Из значений свойства shape, показанных выше, DataFrame имеет 34 записи и 10 столбцов.

Еще одно свойство, которое можно использовать для отображения структуры DataFrame, - dtypes.

Более подробную информацию о структуре можно отобразить с помощью info ()

Статистическая информация

Статистическая информация для каждого столбца, такая как минимальное значение, максимальное значение, стандартное отклонение, среднее значение и т. Д., Может быть отображена с помощью следующих команд.

Выбор столбца

Мы можем отобразить выбранный столбец, указав имена столбцов в списке

Фильтрация данных

Одной из важных частей, используемых при подготовке и анализе данных, является фильтрация, то есть выбор данных по определенным критериям. Это также называется подмножеством данных.

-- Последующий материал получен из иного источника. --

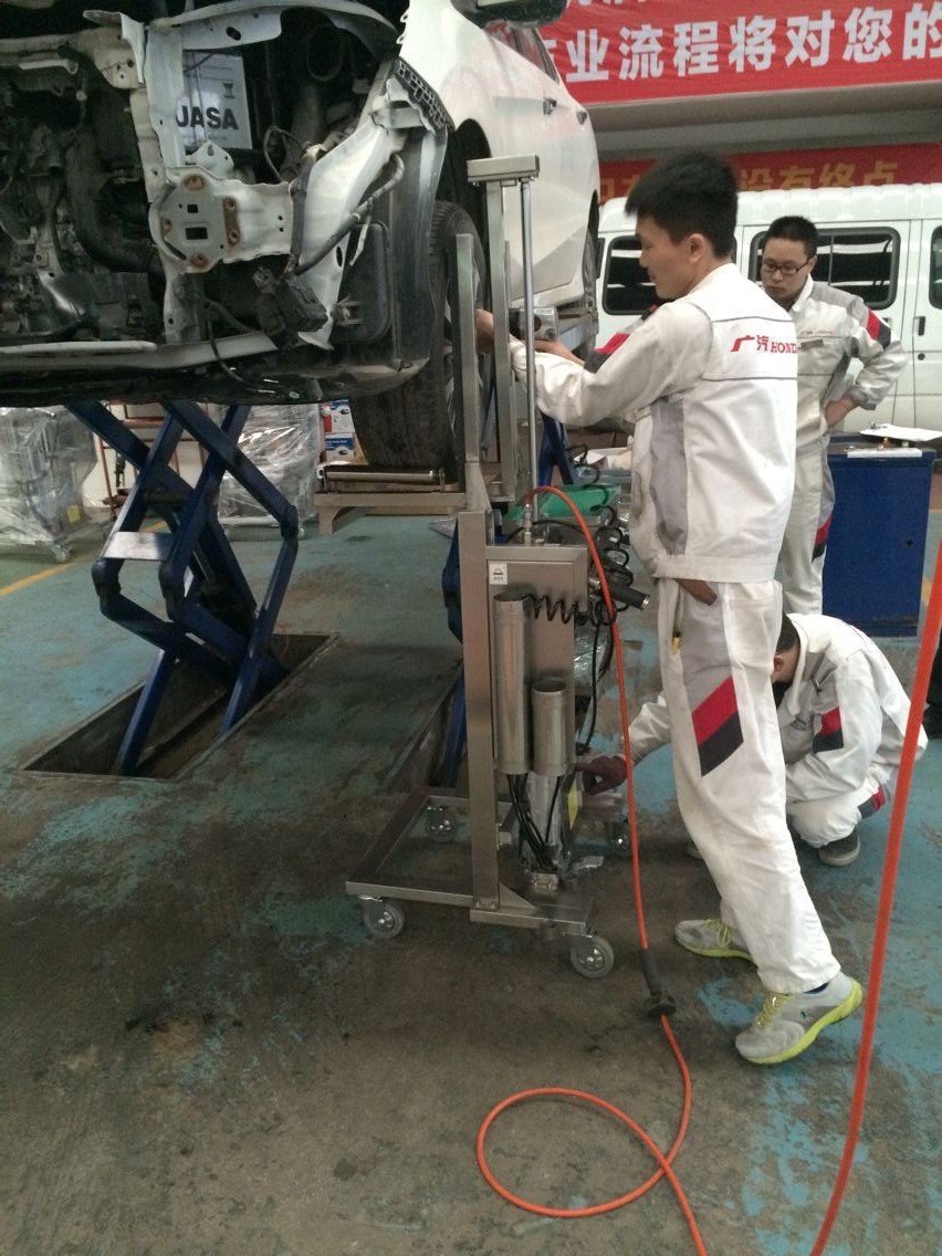 此支架經彎管和升降竿調節后可固定任何一款后保險杠;可在此支架上打磨或噴漆;獨特的輪子設計,可在車間內自由移動,同時可以直接進入烤漆房(漆房)

Для тех, кто знаком с SQL, это часть оператора WHERE.

Например, мы хотим отобразить данные для острова, равного «Суматере».

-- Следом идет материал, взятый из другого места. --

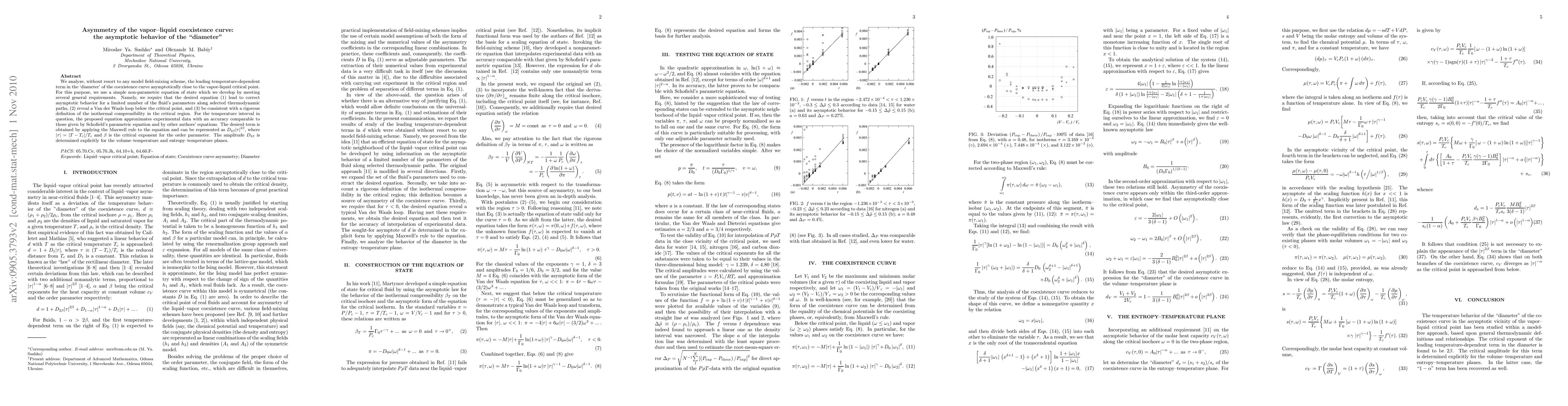 We analyze, without resort to any model field-mixing scheme, the leading temperature-dependent term in the "diameter" of the coexistence curve asymptotically close to the vapor-liquid critical point. For this purpose, we use a simple non-parametric equation of state which we develop by meeting several general requirements. Namely, we require that the desired equation (1) lead to correct asymptotic behavior for a limited number of the fluid's parameters along selected thermodynamic paths, (2) reveal a Van der Waals loop below the critical point, and (3) be consistent with a rigorous definition of the isothermal compressibility in the critical region. For the temperature interval in question, the proposed equation approximates experimental data with an accuracy comparable to those given by Schofield's parametric equation and by other authors' equations. The desired term is obtained by applying the Maxwell rule to the equation and can be represented as D_{2 \beta} | \tau |^{2 \beta}, where | \tau | = | T - T_{c} | / T_{c}, and \beta is the critical exponent for the order parameter. The amplitude D_{2 \beta} is determined explicitly for the volume-temperature and entropy-temperature planes.

Мы можем комбинировать несколько условий, используя логический оператор И («&») и логический оператор ИЛИ («|»), чтобы выбрать строки с более чем одним критерием.

Например, мы хотим получить всю провинцию, расположенную на острове Суматера, и уровень безработицы менее 5

Может быть написано по-разному, но имеет то же значение

В приведенном выше примере у него два критерия
1. остров = 'Суматра'
2. безработица ‹5
Использование логический оператор И («&») выше, извлекайте данные, соответствующие обоим критериям.
Если вы хотите получить данные, соответствующие только одному критерию, вы можете использовать оператор логического ИЛИ («|»)

Функцию isin () можно использовать для фильтрации столбца, если значение указано в списке. Например, мы хотим показать провинции на острове Суматра и Калимантан, в которых уровень безработицы меньше 5.

Мы можем отменить условие, используя символ тильды ~, представляющий оператор NOT.

Результат этого утверждения показывает все данные, которые НЕ на Суматере и Калимантане, но имеют уровень безработицы менее 5.

Если выражение условия слишком сложное, рекомендуется создать новый DataFrame, чтобы упростить остальной код.

Сортировка данных

Функция sort_values ​​() используется для сортировки данных по указанному столбцу, начиная с наименьшего значения. Следующая команда отображает данные, отсортированные по столбцу количество осадков.

Чтобы отсортировать данные, начиная с наибольшего значения, параметру по возрастанию присваивается значение False.

Если мы хотим отсортировать данные, используя более одного столбца, нам нужно указать список имен столбцов

В отображаемых данных показано, что строки 3 и 4 в столбце rainy_day не отсортированы соответствующим образом, поскольку они были отсортированы на основе столбца осадков.

Если мы хотим отсортировать данные, но у нас есть разные методы для каждого столбца, необходимо указать параметр по возрастанию. Значение 0 сначала отсортирует наибольшее значение. Значение 1 сначала будет наименьшим.

Перед тем, как ты уйдешь

Молодец! Вы закончили изучение ЧАСТИ 1 Практического руководства Pandas. Надеюсь, вы понимаете, насколько просты Pandas. Вы узнали, как читать данные, получать информацию о структуре, фильтровать и сортировать данные.

В ЧАСТИ 2 закончим все, что нужно знать о пандах. Вы узнаете, как суммировать, группировать данные, преобразовывать столбцы и объединять со справочными данными.

Блокнот в этом посте доступен в моем github.
Пожалуйста, подключитесь к LinkedIn, если хотите поболтать!
Наслаждайтесь обучением и получайте удовольствие от данных!